Shouts from behind them sounded much too close. Samantha’s head pounded and her hands were on fire.

‘Seriously, Birthday,’ Mirela yelled as they began running again. ‘Why’d ya have to pick jocks as your marks? Couldn’t you have targeted a little old lady?’

‘That’s hardly fair, is it?’ he said. ‘This way.’

Skidding into the next street, Birthday abruptly jerked around a corner and into an enclave. ‘Up here,’ he shouted, running through a darkened doorway opening onto a set of concrete stairs.

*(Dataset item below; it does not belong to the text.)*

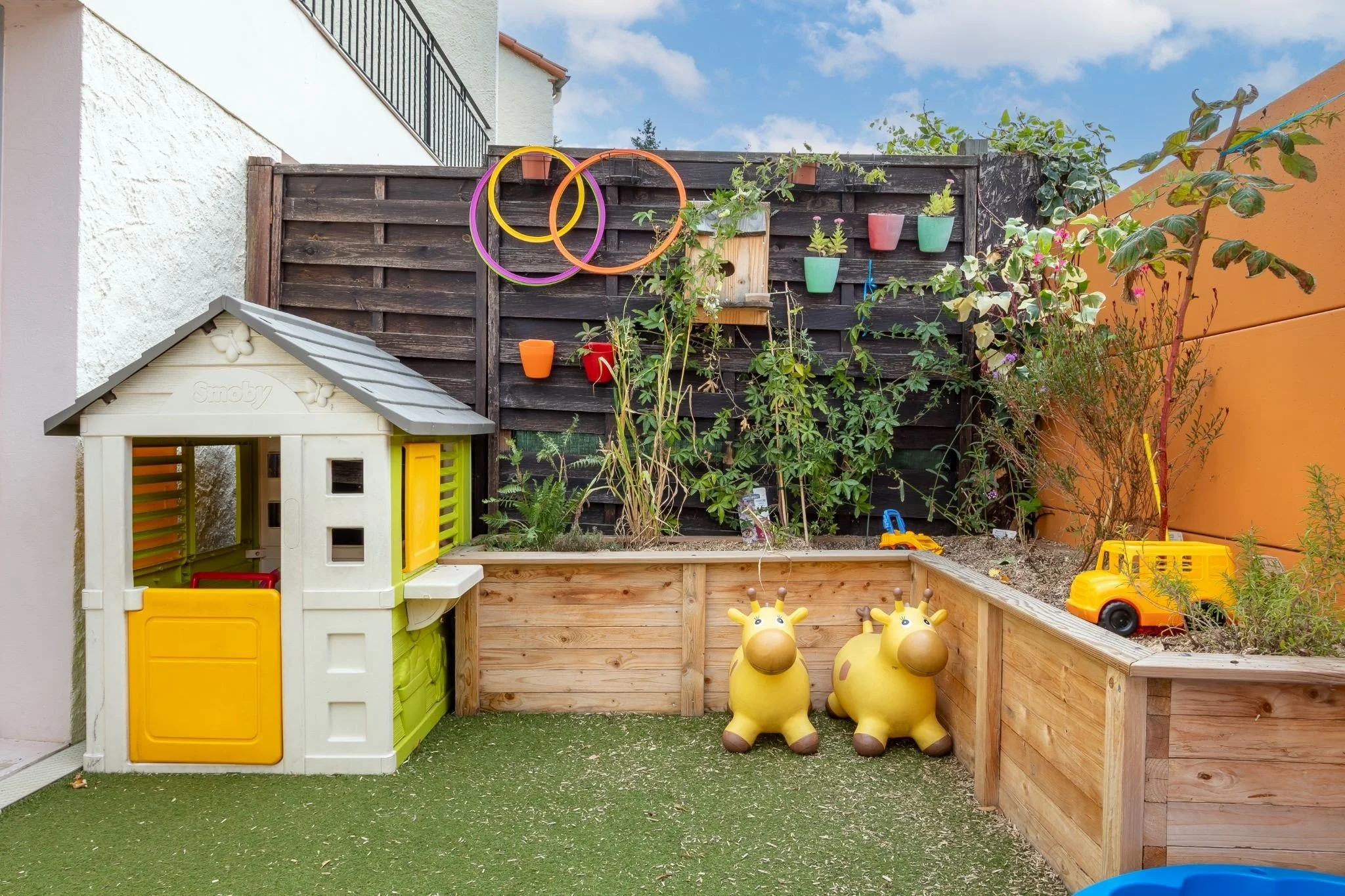 Environnement riche pour les enfants notamment grâce à un espace vert permettant d’aller régulièrement à la rencontre des animaux, ainsi qu’à des sorties à la médiathèque et au parc situé à quelques minutes à pied.

‘Eww,’ said Mirela, halting at the foot of the stairs, her nose wrinkled. ‘It smells like somebody pissed in here.’

‘That’s because people do,’ Birthday called down to her. ‘A lot.’

He took the stairs two at a time, Mirela right behind him. Samantha managed them one by one, limping now, a hand on the rail for support. Birthday Jones disappeared into a room at the top and Mirela again paused at the threshold, hands on hips, sucking air.

‘Come on, Sam,’ she called down. ‘I’m not going in there without you.’

‘Hold up,’ Sam managed. Drums played at the back of her head and it felt like her jaw wouldn’t close properly.

‘You don’t look so good,’ said Mirela when she cleared the last step.